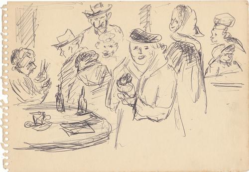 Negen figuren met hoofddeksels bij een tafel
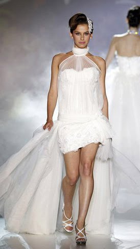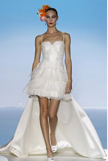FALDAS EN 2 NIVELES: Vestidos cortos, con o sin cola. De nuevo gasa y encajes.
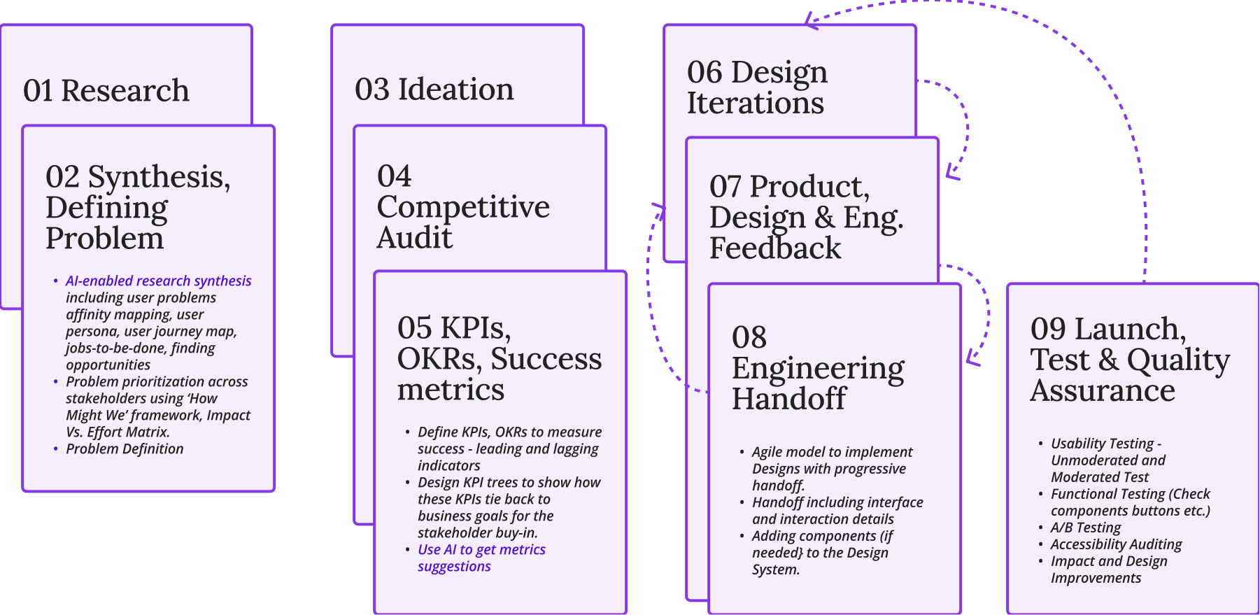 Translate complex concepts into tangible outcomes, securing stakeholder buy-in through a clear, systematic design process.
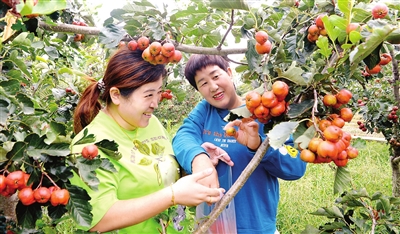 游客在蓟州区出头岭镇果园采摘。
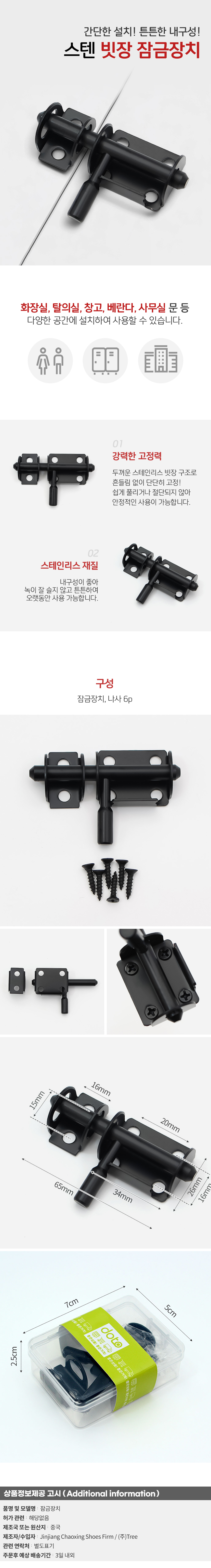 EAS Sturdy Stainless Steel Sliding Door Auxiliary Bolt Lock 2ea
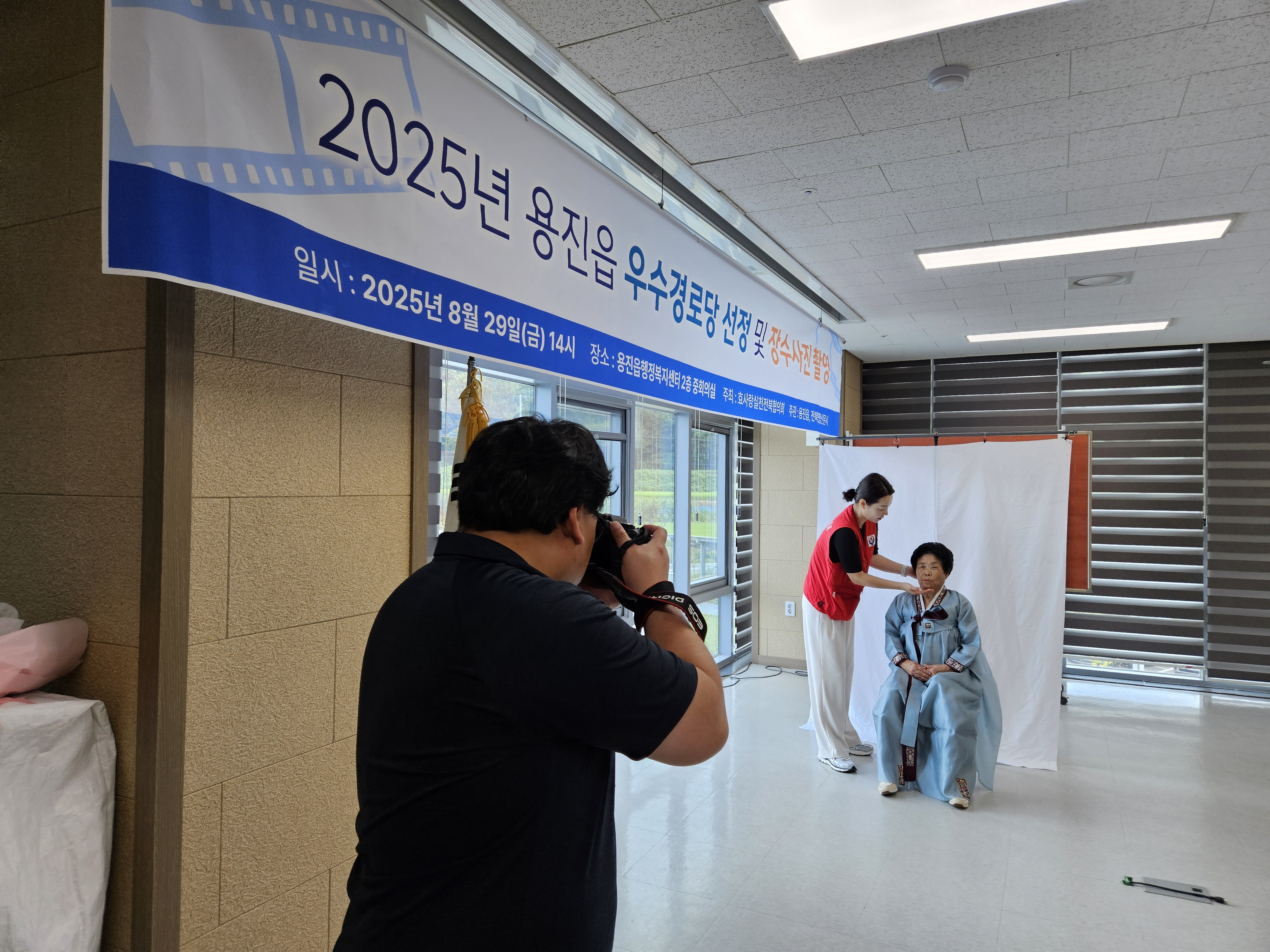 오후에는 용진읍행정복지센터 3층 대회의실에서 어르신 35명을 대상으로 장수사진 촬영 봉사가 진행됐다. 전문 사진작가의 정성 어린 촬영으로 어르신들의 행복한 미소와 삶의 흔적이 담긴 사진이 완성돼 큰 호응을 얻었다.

══════════════════════════════

• Task to complete:
Transcribe the records above exactly, without images.

• Final answer:
 Negen figuren met hoofddeksels bij een tafel
FALDAS EN 2 NIVELES: Vestidos cortos, con o sin cola. De nuevo gasa y encajes.
 Translate complex concepts into tangible outcomes, securing stakeholder buy-in through a clear, systematic design process.
 游客在蓟州区出头岭镇果园采摘。
 EAS Sturdy Stainless Steel Sliding Door Auxiliary Bolt Lock 2ea
 오후에는 용진읍행정복지센터 3층 대회의실에서 어르신 35명을 대상으로 장수사진 촬영 봉사가 진행됐다. 전문 사진작가의 정성 어린 촬영으로 어르신들의 행복한 미소와 삶의 흔적이 담긴 사진이 완성돼 큰 호응을 얻었다.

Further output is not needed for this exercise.